Quick Start Guide to Infrastructure Monitoring with Nagios

August 9, 2009

Staying ahead of IT service issues can be frustrating when you manage several servers, or even a single server with many services. Enterprise IT Infrastructure Monitoring Solutions (a fancy term for something that is really pretty simple) attempt to remedy the problem by repeatedly checking the status of machines and services on the network and alerting the responsible administrators as soon as something goes wrong, or even before there’s a problem.
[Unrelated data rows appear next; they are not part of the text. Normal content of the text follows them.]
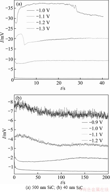 When subjected to various forces such as static electricity, intermolecular force and chemical adsorption in an electrolyte, any silicon carbide particles remaining stable on the cathode surface will increase the irregularity of its surface. These irregularities can provide a substrate for the heterogeneous nucleation of nickel, thereby reducing its nucleation potential. The potentiostatic curves for the nucleation and growth of nickel-silicon carbide by electrodeposition in an electrolyte containing SDS are presented in Figure 7. The potential applied was -1.0, -1.1, -1.2 and -1.3 V for the electrolyte containing 500 nm silicon carbide (Figure 7(a)), but this was changed to -0.9, -1.0, -1.1 and -1.2 V for the 40 nm silicon carbide (Figures 7(b)). During each constant potential step, the current first increases and then decreases due to the charge of the electric double layer. The current then gradually rises again to a maximum due to nucleation and growth of a new phase. Soon after this, the current gradually decreases again. Thus, the nature of the electrode surface is controlled by diffusion.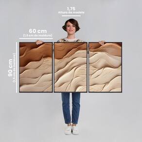 Quadro Decorativo Modelo Areia com 3 telas com 50x75cm ou 60x90cm para Sala, Escritório, Quarto, Hall de Entrada, Casa de Praia, Lavabo.ENVIO EM ATÉ 5 DIAS ÚTEIS!Especificações Técnicas: Modelo: Areia;Medidas: 50x75cm ou 60x90cm;Material da Imagem: Papel premium fotográfico de alta qualidade;Material da Moldura: Madeira de reflorestamento revestida;Espessura da Moldura: 2cm de profundidade;Acabamento: Fita Kraft;Acompanha: Suporte de serrilha para quadros e parafusos.Expresse sua linguagem visual, torne seus ambientes mais bonitos e confortáveis! Não perca a oportunidade de adquirir o exclusivo Quadro Decorativo Modelo Areia com 3 Telas a um preço incrível. Acompanha Fixação para Parede: Sim Ambiente Principal: Escritório Espessura: 28 mm Espessura do Vidro: 3 mm Itens Inclusos: 3 Quadros e Suporte para Fixação Marca: ARTE PRÓPRIA Material Principal: Madeira Maciça Origem do Produto: Nacional Peso: 12 kg Possui Paspatur: Não Possui Vidro: Sim Tema da Estampa: Abstrato Tipo de Quadro: Quadro Marca: Não Informado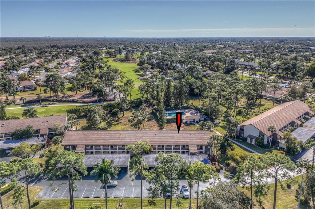 Perfect 1st floor location for easy access from carport to front door! New AC with 10 year warranty. Excellent South Naples location close to so many conveniences. This south facing condo overlooks green space, mature landscaping and is just steps from the pool. Covered carport and extra storage included. Two bedrooms and two baths. Updated master bath with dual vanities. Tile through out and granite kitchen counters. New refrigerator, stove and dishwasher and also NEW AC. Will be freshly painted early January. The buildings have a newer roof and have been freshly painted. Just minutes to downtown Naples, beaches, & Bayshore art district. This condo has never flooded.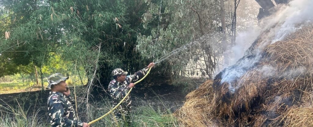 मधुबनी/जयनगर : मधुबनी जिले में भारत-नेपाल सीमा पर तैनात 48वी वाहिनी, एसएसबी, जयनगर मुख्यालय के हरने कैंप स्थित डी समवाय से करीब 200 मीटर भारत-नेपाल सीमा की दिशा में, सीमा स्तंभ संख्या-280/23 से भारत की ओर, एसएसबी कैंप हरने से चेक पोस्ट संख्या-49 को जाने वाली सड़क के उत्तर दिशा में पराल से बने मवेशियों के घर में आग लग गई। घटना की सूचना मिलते ही 48वीं वाहिनी, सशस्त्र सीमा बल, जयनगर की सीमा चौकी हरने के जवानो ने अग्निशमन यंत्रों के साथ मौके पर पहुंच कर अग्निशमन विभाग, पुलिस विभाग तथा ग्रामीणों के सहयोग से आग पर सफलतापूर्वक काबू पाया गया।प्रारंभिक जांच में किसी प्रकार की जनहानि या पशुहानि की सूचना नहीं मिली है। आग जिस घर में लगी, वह राज कुमार यादव (पिता का नाम-राम बालक यादव), निवासी ग्राम-हरने का बताया गया है। यह घर मवेशी बांधने एवं घास/पराल रखने हेतु उपयोग में लिया जाता था। आग लगने के कारणों की पुष्टि अब तक नहीं हो पाई है। मामले की जांच जारी है।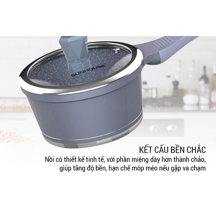 Quánh Vân Đá Đáy Từ Sunhouse Mama SHG3116MMA chất liệu cao cấp: Nồi được làm từ nhôm đúc nguyên khối siêu bền, có khả năng chống va đập cực tốt. Chất liệu nhôm còn có khả năng dẫn nhiệt tốt, tỏa nhiệt đều giúp món chiên xào được ngon hơn.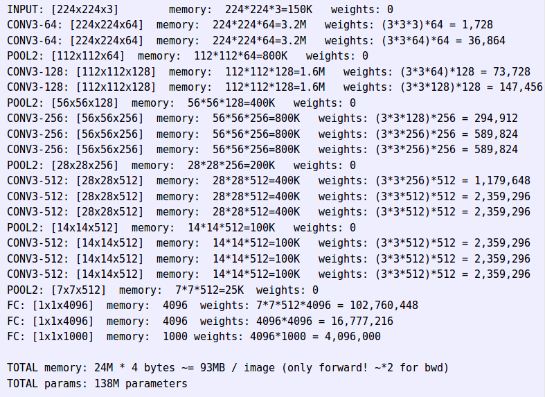 但是,请注意,如果在任何框架(Caffe、Tensorflow等)中编码VGG网络,则模型的总大小将包括参数,并且这一部分要大得多,正如作者在计算中所显示的(这似乎是正确的)。

It’s hard to argue against implementing a monitoring solution within the network, as it is much a setup-and-forget matter that adds negligible load. The monitoring solution itself is — or at least, should be — very low maintenance, yet provides very valuable insight into the health of the network.

Introducing Nagios

Nagios is an infrastructure monitoring solution that is both popular and open source. Apart from its obvious monitoring capabilities, it includes the ability to associate an event handler to an event, allowing you to fix a problem automatically. If — for example — one of your Python applications crashes, you can have Nagios do python /opt/myapp/myapp.py automatically, before any human administrators have the time to do so. Other features include the ability to create many kinds of reports, and to send notifications and alerts via email and SMS.

Nagios' web interface screenshot

Nagios is based primarily on C and shell scripts, which makes it light on performance but adds a slightly ‘hackish’ feel. It comes with a CGI-based web interface (which we’ll spice up a bit) that lets you view and manage Nagios, through what are known as External Commands.

I’d like to demonstrate how to set up rudimentary Nagios monitoring on a small farm of Linux servers, with an Ubuntu/Debian server running the primary Nagios process. In the end, we’ll be monitoring the states of various services on the servers, including the ones seen in the screenshot above (Apache processes, APT, Current Load, Current Users, Disk Space, Dovecot, FTP, HTTP, MySQL, SMTP, SSH, Swap, Total Processes, and Zombie Processes). We will also receive notifications by email whenever something goes wrong:

Nagios Email Notification

Please note that this guide is meant to get you up and running quickly, and that it’s not a substitute for the official Nagios documentation. If you want to know what all of the different configuration options do (or can do), please consult the (excellent) documentation.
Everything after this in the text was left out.